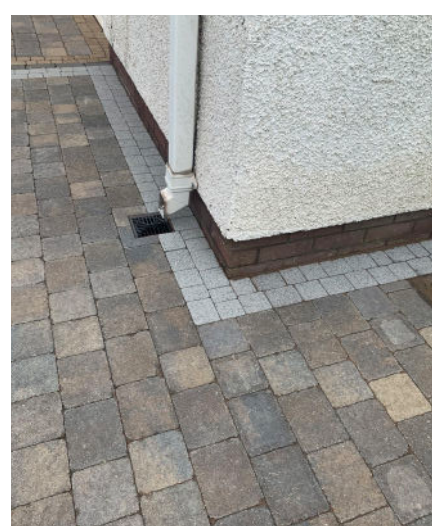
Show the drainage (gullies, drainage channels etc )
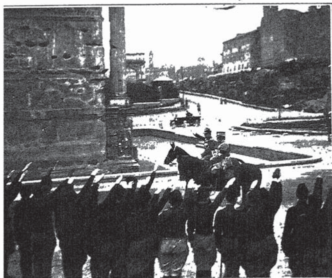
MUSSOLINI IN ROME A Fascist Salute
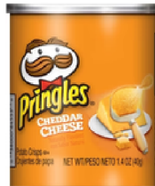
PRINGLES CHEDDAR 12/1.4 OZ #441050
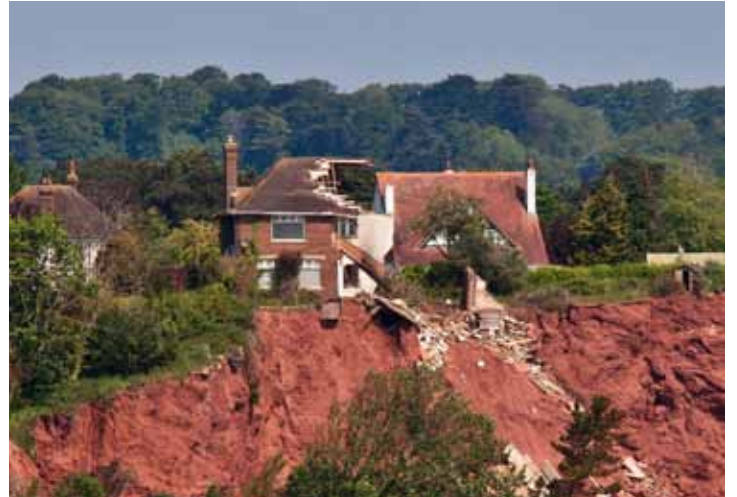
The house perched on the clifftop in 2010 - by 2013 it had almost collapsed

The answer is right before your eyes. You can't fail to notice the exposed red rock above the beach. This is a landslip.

--------------------

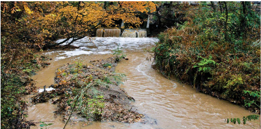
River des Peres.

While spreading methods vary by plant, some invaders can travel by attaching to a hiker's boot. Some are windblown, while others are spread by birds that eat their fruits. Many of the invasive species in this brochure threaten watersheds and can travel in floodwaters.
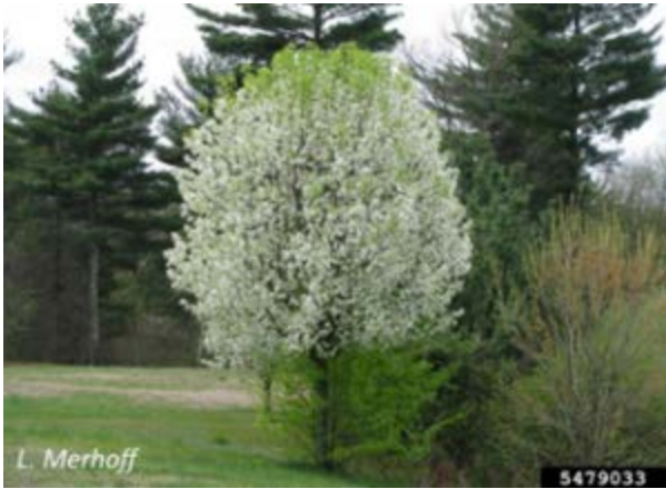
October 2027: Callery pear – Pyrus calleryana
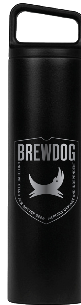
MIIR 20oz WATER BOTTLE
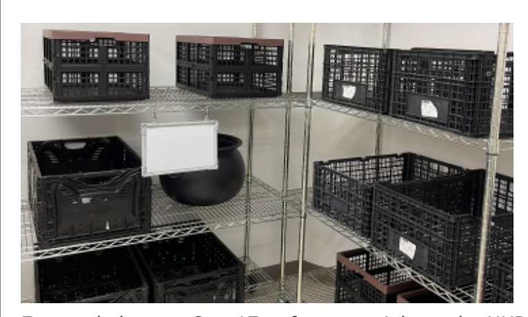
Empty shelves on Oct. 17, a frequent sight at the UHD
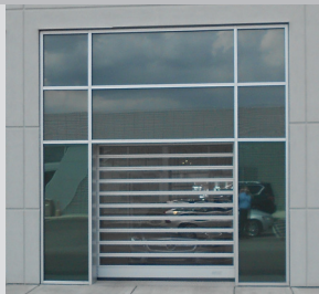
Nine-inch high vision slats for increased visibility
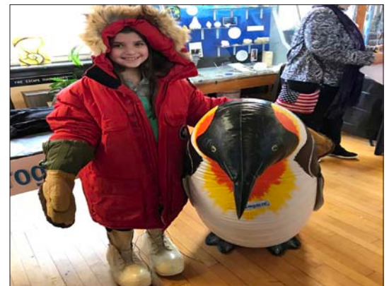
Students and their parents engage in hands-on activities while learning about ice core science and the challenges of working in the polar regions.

--------------------

Problem to solve -> When a line of the material holds the string "while", copy that line.

Answer section ->
While spreading methods vary by plant, some invaders can travel by attaching to a hiker's boot. Some are windblown, while others are spread by birds that eat their fruits. Many of the invasive species in this brochure threaten watersheds and can travel in floodwaters.
Students and their parents engage in hands-on activities while learning about ice core science and the challenges of working in the polar regions.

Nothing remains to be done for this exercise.